Il ressort du rapport d'expertise de la société CD Expertise que la société GE Management Services Ireland Limited (à l'époque société IPBM) a subi du fait des désordres et des travaux réparatoires à réaliser un préjudice correspondant aux pertes de loyers pendant cette période et à des honoraires de commercialisation à devoir exposer à nouveau, le locataire ayant quitté les lieux. Ce préjudice s'élève selon la société CD Expertise, confirmée par l'expert, à la somme de 1 267 941,94 euros. A cette somme s'ajoute celle de 142 299 euros HT représentant le coût du réaménagement nécessaire des immeubles après les travaux, ceux-ci, affectant les planchers, nécessitent donc que les surfaces soient nues, alors qu'elle avaient été aménagées (cloisons, menuiseries, etc). Cette somme doit donc valablement s'ajouter au préjudice de la société GE Management Services Ireland Limited, étant précisé que celui-ci a fait l'objet d'un versement par la SMABTP au titre de sa garantie des préjudices immatériels, celle-ci ayant en tout versé 305 000 euros.

Les immeubles sont affectés de deux désordres distincts, sans lien entre eux, mais pour lesquels l'expertise a conclu à une reprise du désordre des armatures de chapeaux préalablement à celui des fléchissements de chapeaux. Il s'ensuit que les préjudices immatériels subis par la société GE Management Services Ireland Limited, résultant de la durée d'immobilisation des immeubles en raison des travaux à réaliser, auraient dû être évalués selon la durée imputable à la reprise du désordre des armatures de chapeaux puis la durée imputable aux fléchissements de planchers.

Ni l'expertise, ni les pièces versées aux débats ne permettent d'évaluer les préjudices immatériels imputables à la reprise des désordres des chapeaux et ceux imputables à la reprise des planchers.

Par conséquent, le calcul des préjudices immatériels se fera au prorata du coût des travaux réparatoires de chaque désordre.

Ainsi, le coût de reprise du désordre des chapeaux est de 1 126 126,15 euros et celui des planchers est de 1 294 695,81 euros HT, soit pour les chapeaux 46,52 % du total et pour les planchers 53,48 %.

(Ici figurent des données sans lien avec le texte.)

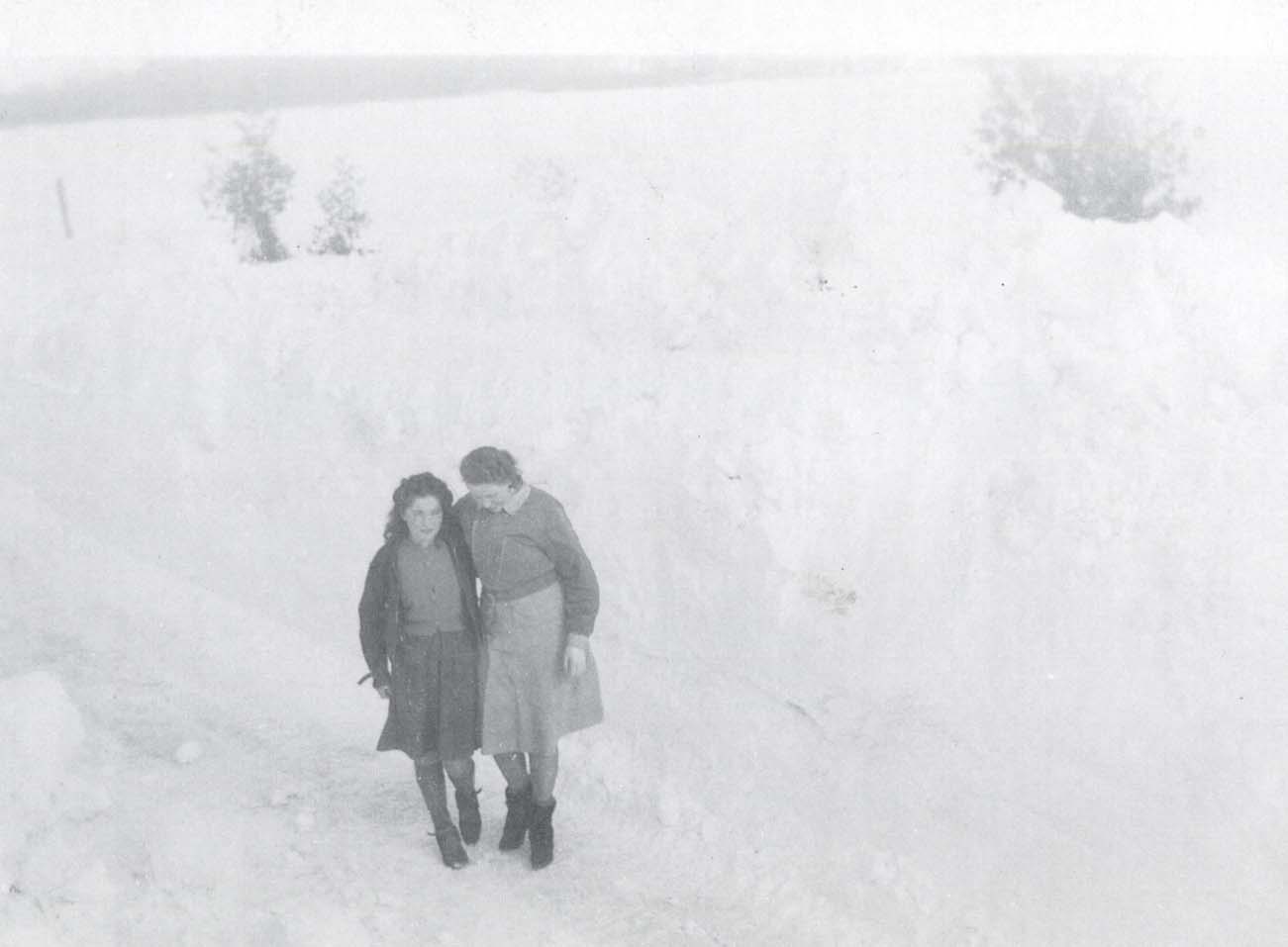 The first snow ploughing at the 5th Line, Innisfil in 1939. Muriel Webster and Harriet Wrigglesworth.

Le coût des préjudices immatériels résultant du désordre des armatures de chapeaux est donc de 656 044,09 euros et le coût des préjudices immatériels pour le désordre des planchers est de 754 196,85 euros.

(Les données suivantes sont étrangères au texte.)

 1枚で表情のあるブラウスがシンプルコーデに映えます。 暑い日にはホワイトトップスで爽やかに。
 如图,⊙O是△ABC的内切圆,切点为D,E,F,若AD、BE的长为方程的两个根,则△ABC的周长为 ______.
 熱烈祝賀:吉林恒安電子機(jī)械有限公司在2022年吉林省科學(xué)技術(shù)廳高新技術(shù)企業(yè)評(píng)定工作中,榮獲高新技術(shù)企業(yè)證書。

La SMABTP a versé à la société GE Management Services Ireland Limited la somme de 305 000 euros, soit 141 886 euros au titre du désordre d'armatures de chapeaux et 163 114 euros au titre du désordre des planchers.

Ces sommes définissent l'assiette des condamnations des responsables et les recours en garantie.

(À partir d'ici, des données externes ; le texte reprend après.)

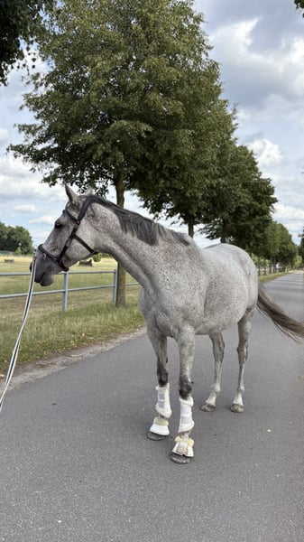 With a heavy heart, I am offering my 8-year-old Thoroughbred mare, Monta Rare, for sale. Unfortunately, we have not been able to find a common riding rhythm over the past four years. Please note: She will not be sold to dealers or riding schools. She is a Thoroughbred racehorse, so she is very energetic and spirited. Monta is an English Thoroughbred, born in 2017, standing approximately 16.1 hh. She is naturally a somewhat nervous type of horse. Therefore, she needs a rider with a gentle touch but also confident leadership and consistency. She is very willing in the outdoor arena and on cross-country, whether alone or in a group, but she prefers to be quite forward. She knows the indoor arena and the riding paddock but prefers outdoor riding. Show jumping is definitely her forte, although she has not been extensively trained in it. I also see her great potential in eventing, as she is very fearless over jumps. Overall, her background as a racehorse has left her with a few quirks: she sometimes overreacts to leg aids and tends to want to move ahead quickly, but these are trainable with patience. She works very willingly and learns quickly. She is not a kicker or difficult in handling. • No turnout in winter; currently stabled with daily turnout to pasture or paddock within a herd • In May 2025, she suffered laminitis due to incorrect hoof care; since then, she has been shod in front • Blood test in April 2025 revealed a selenium deficiency, which is now being supplemented • Farrier and veterinarian visits are no problem • Loading is not her favorite, but she stands very calmly during transport Sold with all accessories, many of which are new (jump saddle, bridle, blankets, halter, etc.). To prevent trial riding for commercial purposes, I will charge €20 for a test ride, which will be deducted from the purchase price. Serious buyers are welcome to multiple test rides free of charge, by arrangement. Priority for me is that she finds a good new home.

Le jugement doit donc être infirmé au titre des indemnisations, et complété du chef du désordre des armatures de chapeaux.

Ainsi, au titre des préjudices immatériels résultant du désordre des armatures de chapeaux, la société CSP, la société MAF, la société Entreprise Bourdarios, la société SMA SA, la société Bureau Veritas Construction et la société QBE Syndicate sont condamnées in solidum à verser à la SMABTP la somme de 141 886 euros HT, et à la société GE Management Services Ireland Limited la somme de 514 158,09 euros, c'est-à-dire le solde (656 044,09 - 141 886), outre intérêts au taux légal à compter du jugement.

Au titre des préjudices immatériels résultant du désordre des planchers, M. [Y], la société MAF, la société Entreprise Bourdarios, la société SMA SA, la société Bureau Veritas Construction et les sociétés MMA sont condamnées in solidum à verser à la SMABTP la somme de 163 114 euros HT, et à la société GE Management Services Ireland Limited la somme de 591 082,85 euros, outre intérêts au taux légal à compter du jugement.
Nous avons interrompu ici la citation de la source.